In the case of point clouds, we face additional challenges since these data sets usually present a high number of points, sometimes tens of millions, that present a high level of redundancy, representing a high number of points on the same object.
There is also usually an imbalance in the sampling density of the points since the LiDAR is not able to scan with the same frequency all the areas of the environment according to the angle, the relative position of the object, or the distance to it.
Advances in Segmentation and Classification
This problem is applicable in the driving of autonomous vehicles, but also has other applications such as:
- Forest surveys, to identify the growth of vegetation and its progress.
- Infrastructure maintenance, to identify the state of hard-to-reach infrastructures.
- Generation of maps, both of buildings, and of other elements to carry out research.
- Generation of classified three-dimensional scenes, to obtain virtual maps of environments.
In all these applications, the techniques linked to deep learning are those that allow obtaining better results and new techniques are being proposed that show good results in public data sets and benchmarks, such as the following works.
Kpconv: Flexible and deformable convolution for point clouds (Thomas, H. et al, 2019), which at the time of its publication, presented the best results obtained so far in four public datasets: ModelNet40, ShapeNetPart, Semantic3D, and S3DIS. They applied segmentation and classification of point clouds from both outdoor and indoor scenes.

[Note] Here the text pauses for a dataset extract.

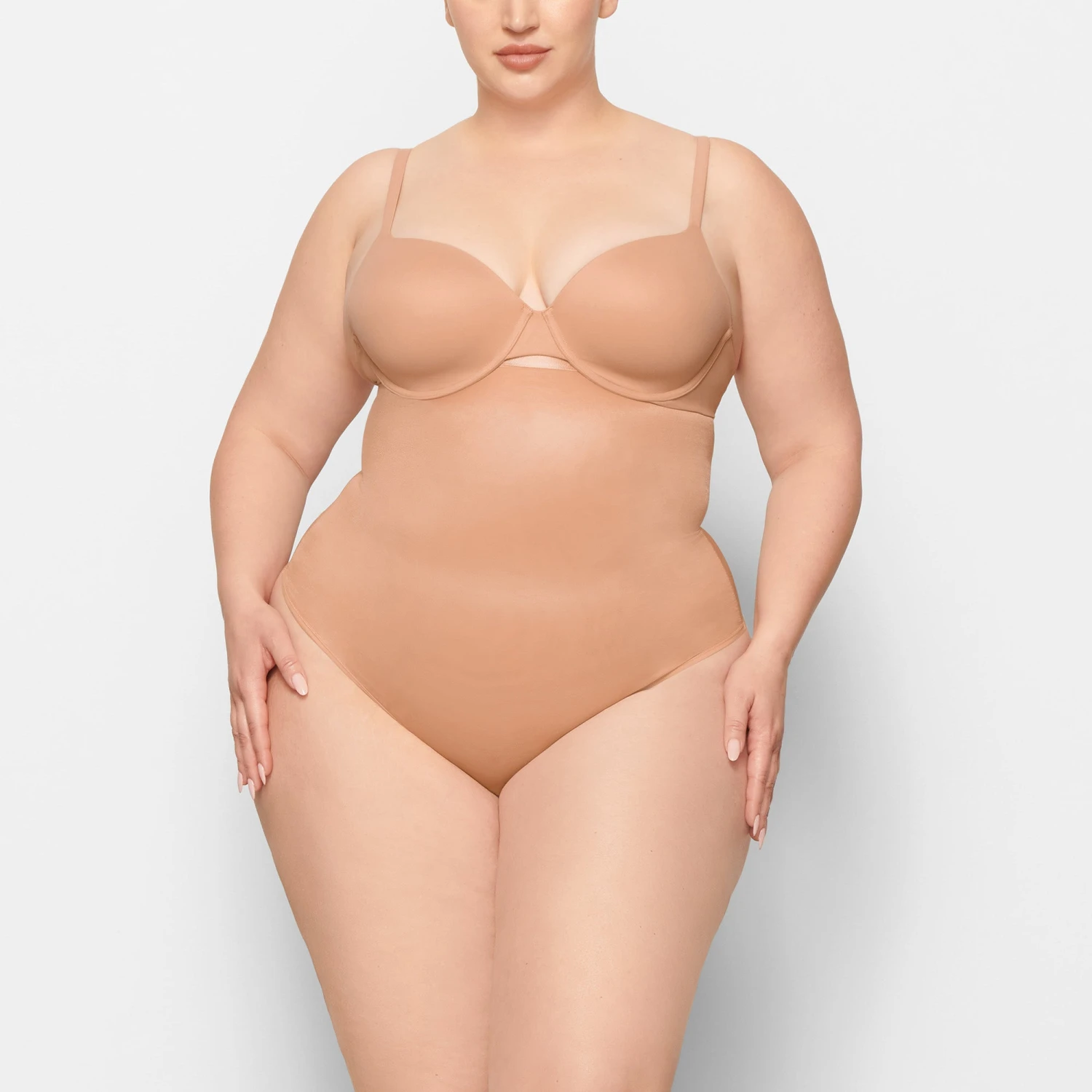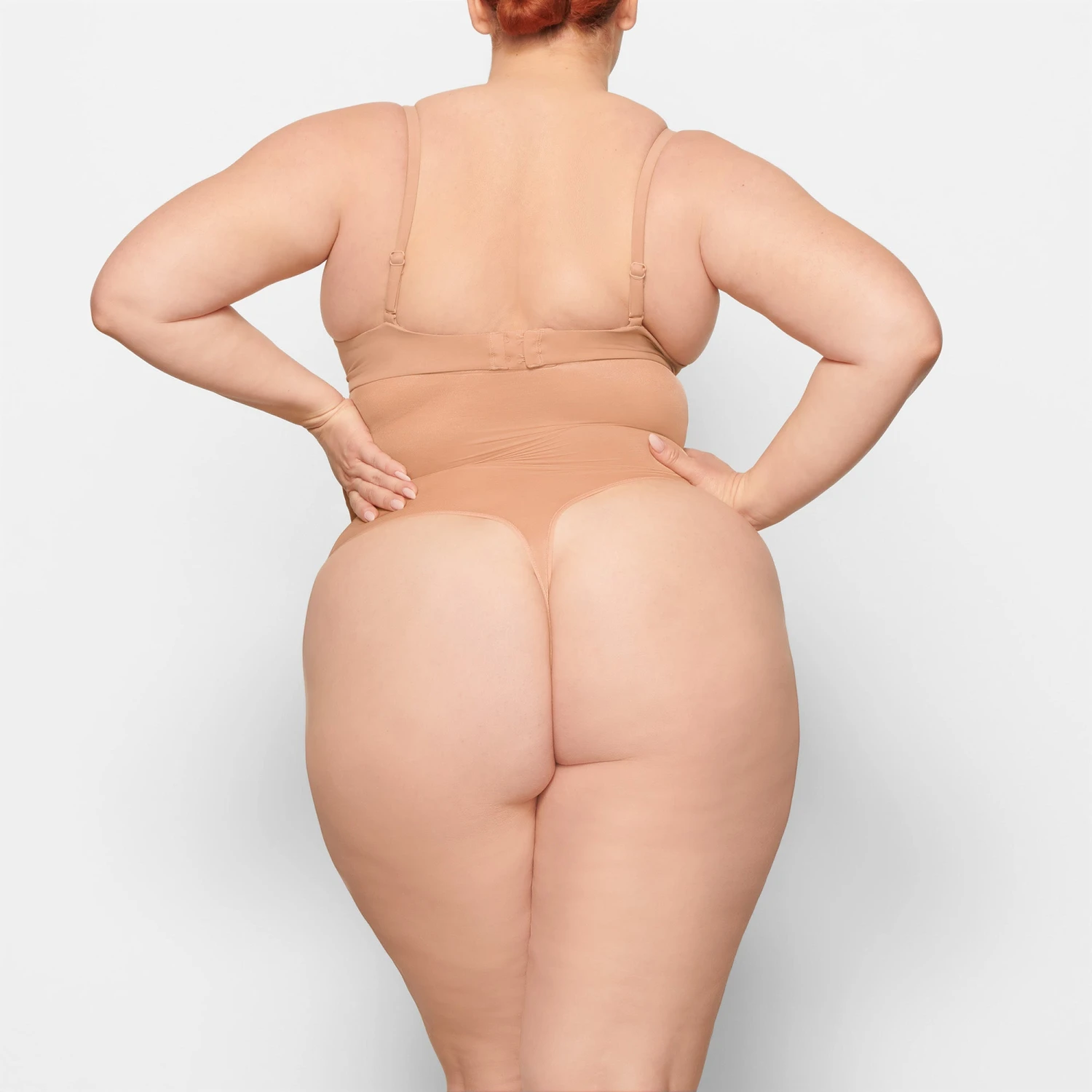 This high-waist thong smooths your core and hips while feeling like a comfortable second skin. Features a cotton gusset lining and double-layered fabric for smoothing and light compression. Wear under bottoms and dresses for a seamless look with no panty lines. Fits true to size.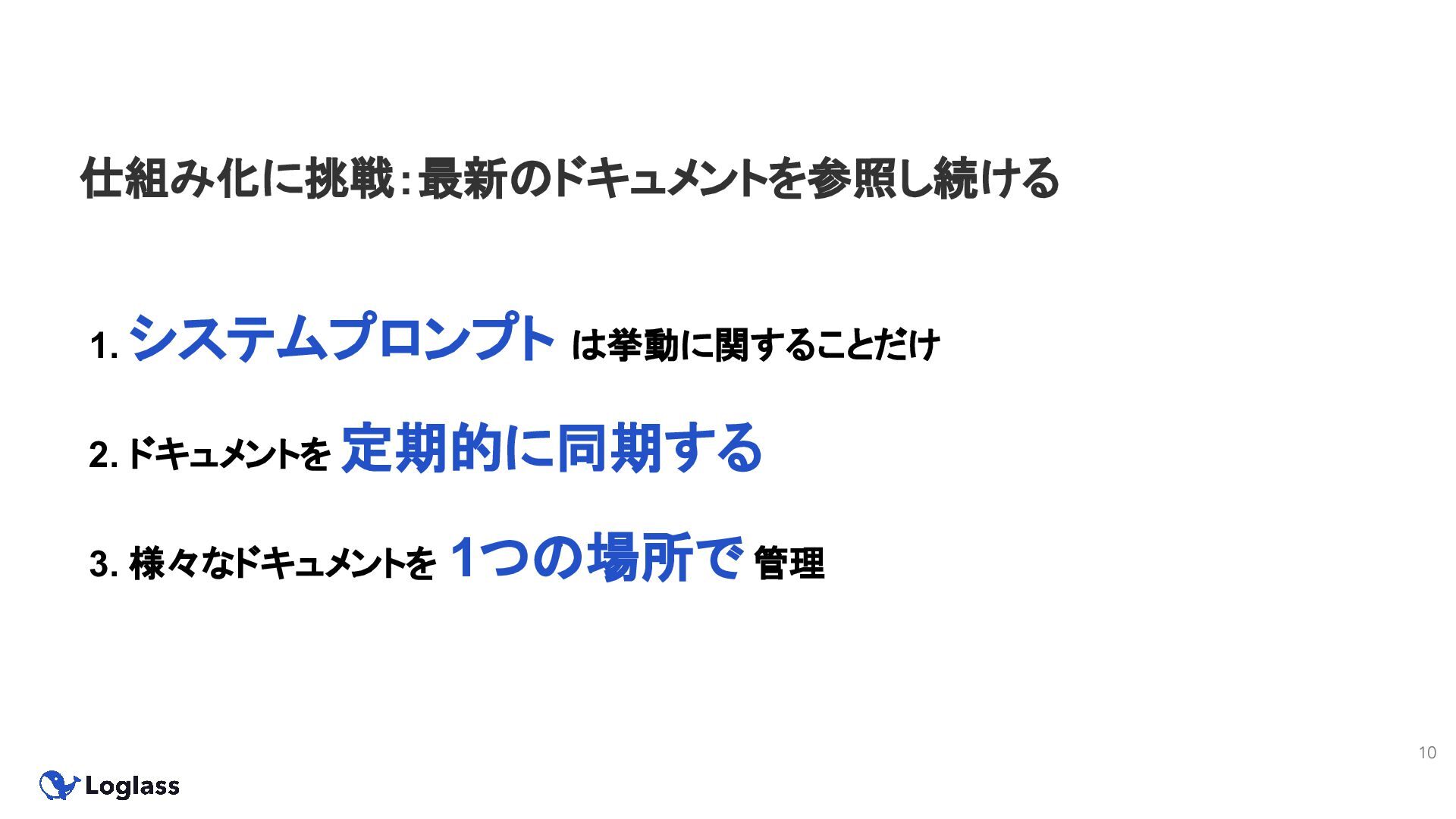 10 仕組み化に挑戦:最新のドキュメントを参照し続ける 1. システムプロンプト は挙動に関することだけ 2. ドキュメントを 定期的に同期する 3. 様々なドキュメントを

Subsequently, the work of Randla-net: Efficient semantic segmentation of large-scale point clouds (Hu, Q. et al., 2020) managed to improve the results of the previous one in the vast majority of data sets and very good results in the SemanticKITTI dataset where the detection of objects by an autonomous vehicle is simulated, as can be seen in the following video:
Finally, it is also worth mentioning the work of Point Transformer (Zhao, H., et al., 2021) that improves the results of both previous works through the use of Transformers, a supervised learning technique that is offering excellent results in many application areas such as natural language processing or computer vision and that in this case demonstrates the suitability of its application in the processing of three-dimensional point clouds.
As can be seen, the field is in full swing. Every year new approaches are proposed that allow obtaining and improving the results obtained so far and that, if continued at this rate, will allow the availability of new techniques that allow the use of segmentation and classification of point clouds in applications of daily use, and will make autonomous vehicles a reality.